Thursday, December 12, 2024

 

Software-as-a-service LLMs aka SaaS LLMs are way more costly than those developed and hosted using foundational models in workspaces either on-premises or in the cloud because they need to address all the use cases including a general chatbot. The generality incurs cost. For a more specific use case, a much smaller prompt suffices and it can also be fine-tuned by baking the instructions and expected structure into the model itself. Inference costs can also rise with the number of input and output tokens and in the case of SaaS services, they are charged per token. Specific use case models can even be implemented with 2 engineers in 1 month with a few thousand dollars of compute for training and experimentation and tested by 4 human evaluators and an initial set of evaluation examples.

SaaS LLMs could be a matter of convenience. Developing a model from scratch often involves significant commitment both in terms of data and computational resources such as pre-training. Unlike fine-tuning, pre-training is a process of training a language model on a large corpus of data without using any prior knowledge or weights from an existing model. This scenario makes sense when the data is quite different from what off-the-shelf LLMs are trained on or where the domain is rather specialized when compared to everyday language or there must be full control over training data in terms of security, privacy, fit and finish for the model’s foundational knowledge base or when there are business justifications to avoid available LLMs altogether.

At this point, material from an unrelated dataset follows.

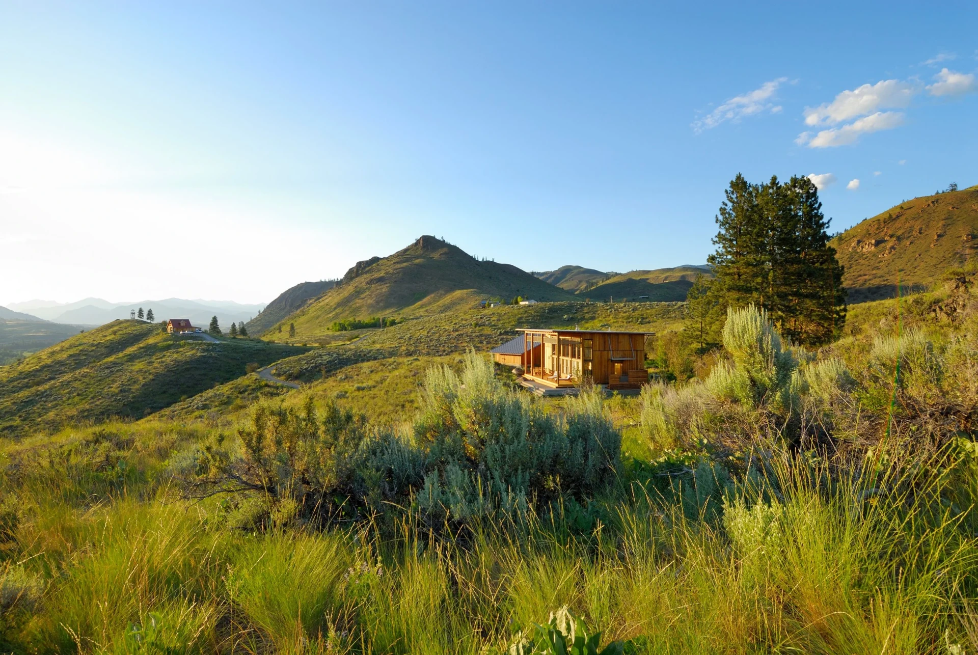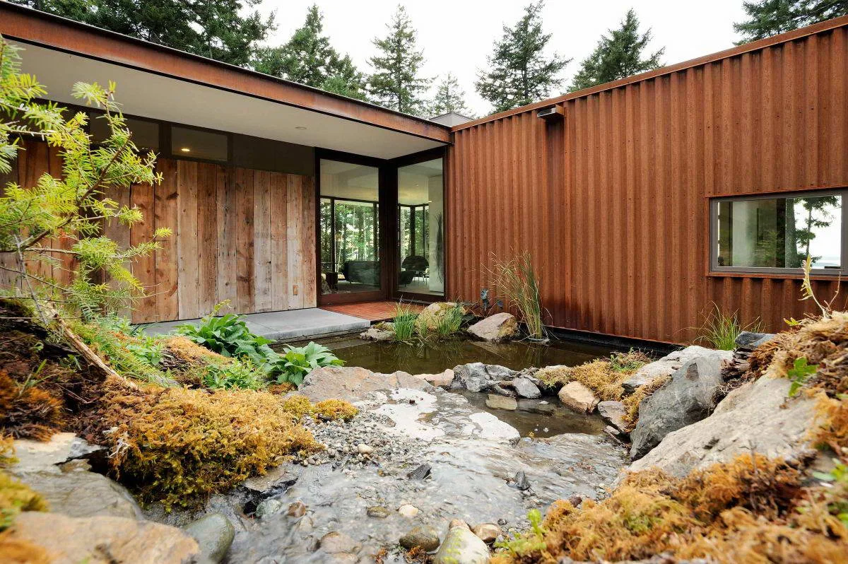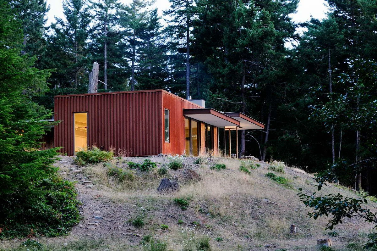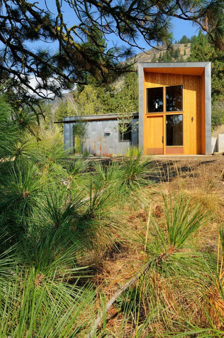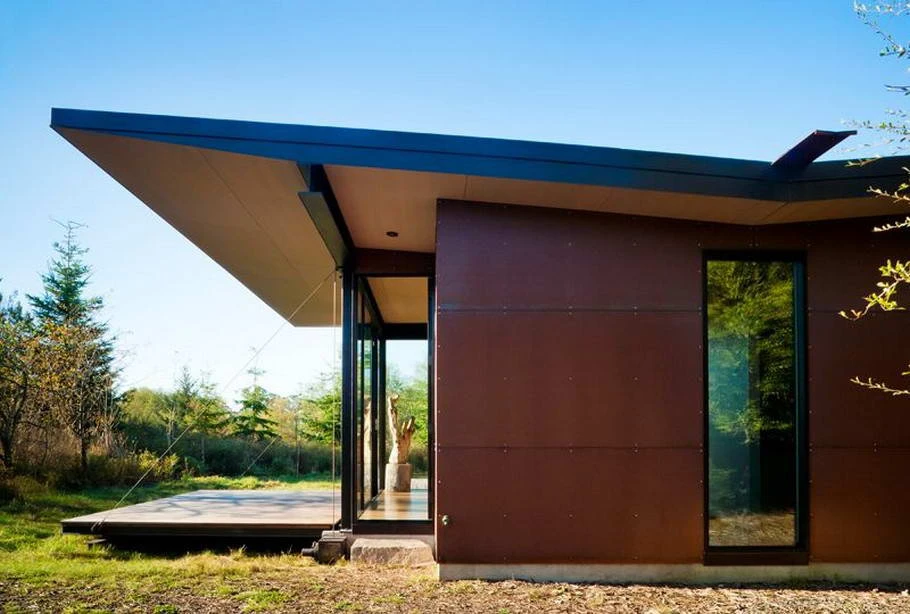 Дом, главными фасадными материалами которого стали старое дерево от разобранного сарая, ржавая сталь и стекло, аккуратно примостился на вершине холма, у самого склона, буквально слившись с природой, вывернувшись наружу и запустив её в себя.

Organizations must plan for the significant commitment and sophisticated tooling required for this.  Libraries  like PyTorch FSDP and Deepspeed are required for their distributed training capabilities when pretraining an LLM from scratch.  Large-scale data preprocessing is required and involves distributed frameworks and infrastructure that can handle scale in data engineering. Training of an LLM cannot commence without a set of optimal hyperparameters. Since training involves high costs from long-running GPU jobs, resource utilization must be maximized. Even the length of time for training might be quite large which makes GPU failures more likely than normal load. Close monitoring of the training process is essential. Saving model checkpoints regularly and evaluating validation sets acts as safeguards.

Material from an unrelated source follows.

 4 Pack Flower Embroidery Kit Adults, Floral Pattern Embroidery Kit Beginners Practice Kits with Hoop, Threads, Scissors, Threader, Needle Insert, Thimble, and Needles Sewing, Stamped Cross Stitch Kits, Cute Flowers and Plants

Constant evaluation and monitoring of deployed large language models and generative AI applications are important because both the data and the environment might vary. There can be shifts in performance, accuracy or even the emergence of biases. Continuous monitoring helps with early detection and prompt responses, which in turn makes the models’ outputs relevant, appropriate and effective.  Benchmarks help to evaluate models but the variations in results can be large. This stems from a lack of ground truth. For example, it is difficult to evaluate summarization models  based on traditional NLP metrics such as BLEU, ROUGE etc because summaries generated might have completely different words or word ordes. Comprehensive evaluation standards are elusive for LLMs and reliance on human judgment can be costly and time-consuming. The novel trend of “LLMs as a judge” still leaves unanswered questions about reflecting human preferences in terms of correctness, readability and comprehensiveness of the answers, reliability and reusability on different metrics, use of different grading scales by different frameworks and the applicability of the same evaluation metric across diverse use cases.

Finally, the system must be simplified for use with model serving to manage, govern and access models via unified endpoints to handle specific LLM requests.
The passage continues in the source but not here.